Theseira also acknowledges that managing a mall is no easy task. A mall requires constant planning, with attention to tenants that find trading conditions tough. “From an investment perspective, we continue to believe in the strength of the asset and it’s one of the best large regional malls in Singapore. We are a long term holder of the asset, and we believe we can work through with our tenants in terms of mitigating the impact of ecommerce,” Theseira says.
Exit strategy
PGIM’s portfolio of five retail malls and an office tower in its Asia Retail Fund (ARF) was divested to Frasers Centrepoint Trust (FCT) and Frasers Property (FPL) in 2019 and 2020. PGIM declines to reveal the sale value. However, FPL and FCT acquired the portfolio for around $3 billion in 2019. Last year (2020) FCT acquired the stake in PGIM ARF it did not own from FPL.
Liang Court was separately sold for $400 million to CapitaLand and City Developments. The two developers, along with CDL Hospitality Trusts and Ascott Residence Trust are redeveloping the entire asset with the new integrated development comprising a hotel, a serviced residence, two residential towers and a mall.
“We worked on a strategy to unlock value. PGIM ARF owned Liang Court. The mall was tired. We looked at the whole property and it was clear to us that a redevelopment would yield the highest value. We were in discussion with other co-owners on a redevelopment plan and eventually we agreed to sell our portion of the asset to them. It was a great unlocking of value and we achieved a significantly higher price,” Theseira recounts.

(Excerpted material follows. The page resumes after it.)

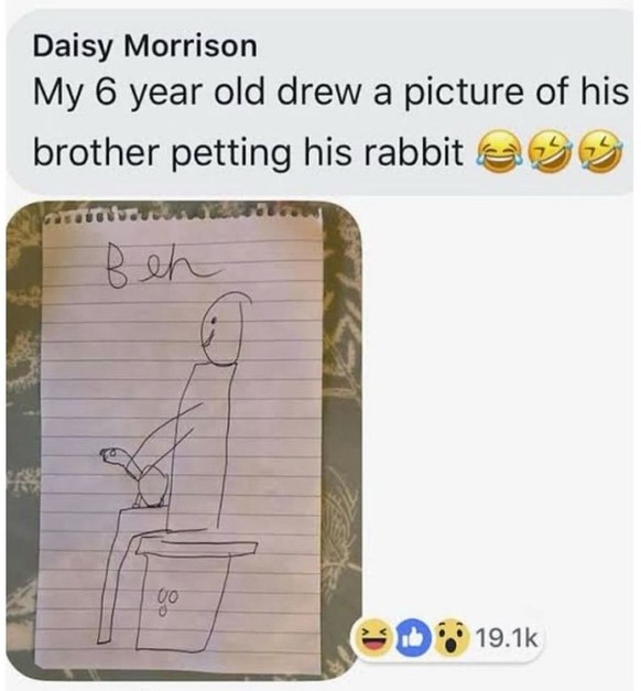 Als ob wir nicht alle schon mal ein Kaninchen gestreichelt hätten. Mein 6-Jähriger hat ein Bild von seinem Bruder gemalt, der sein Kaninchen streichelt.

“As the retail sector got challenged our investors believed it was time to exit retail and we then looked at how we could achieve the highest value for investors,” he continues. Different ways to divest the assets were considered. Ultimately, when FPL expressed an interest, it acquired the malls with the operating team and AsiaMalls management. “Eventually as Covid came, we struck a deal for a final exit which was great for our investors,” Theseira says. He adds though, that neighbourhood malls like those in the fund are resilient and has been a great platform for expansion for FPL and FCT.
Office still in play
In April, PGIM acquired 108 Robinson Road for $143 million and Lucid Square Toyocho in Tokyo for US$120 million ($161.7 million). “We are looking at office opportunities for our core and core plus funds, which own offices in Australia, Japan and Seoul,” Theseira says. As he sees it, most investors view Singapore as stable and safe. “Hence you find more businesses and investments moving to Singapore.”
What supports the Singapore economy will also support demand for office, Theseira reasons. Singapore has seen an influx of tech companies and start-ups with the city-state being used as a regional and sometimes global centre for technology companies. Singapore is also a gateway to Asia.

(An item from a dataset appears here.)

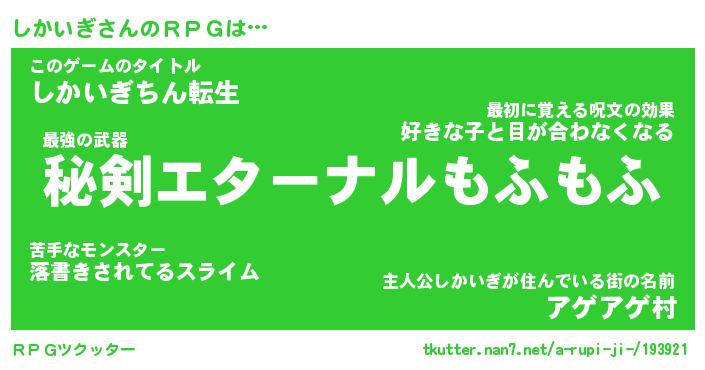 | 胡散臭い通販商品みたいなあだ名 | 『必ず成功する水晶球…その名も「しかいぎ」』 |

“Even as some companies give up space, for example financial services, the space has been taken up by tech companies,” Theseira points out. In addition, there has been a growth in family offices and wealth management companies setting up in Singapore. “We are more selective and more focused on location and looking at what assets and locations will be winners,” Theseira says.
The office on Robinson Road acquired by PGIM is freehold, and the property is in its value-add fund. “Our plan is to do some improvement. Our investment thesis is to strata sell, and there is a lot of interest from individual investors and family offices to own this space.”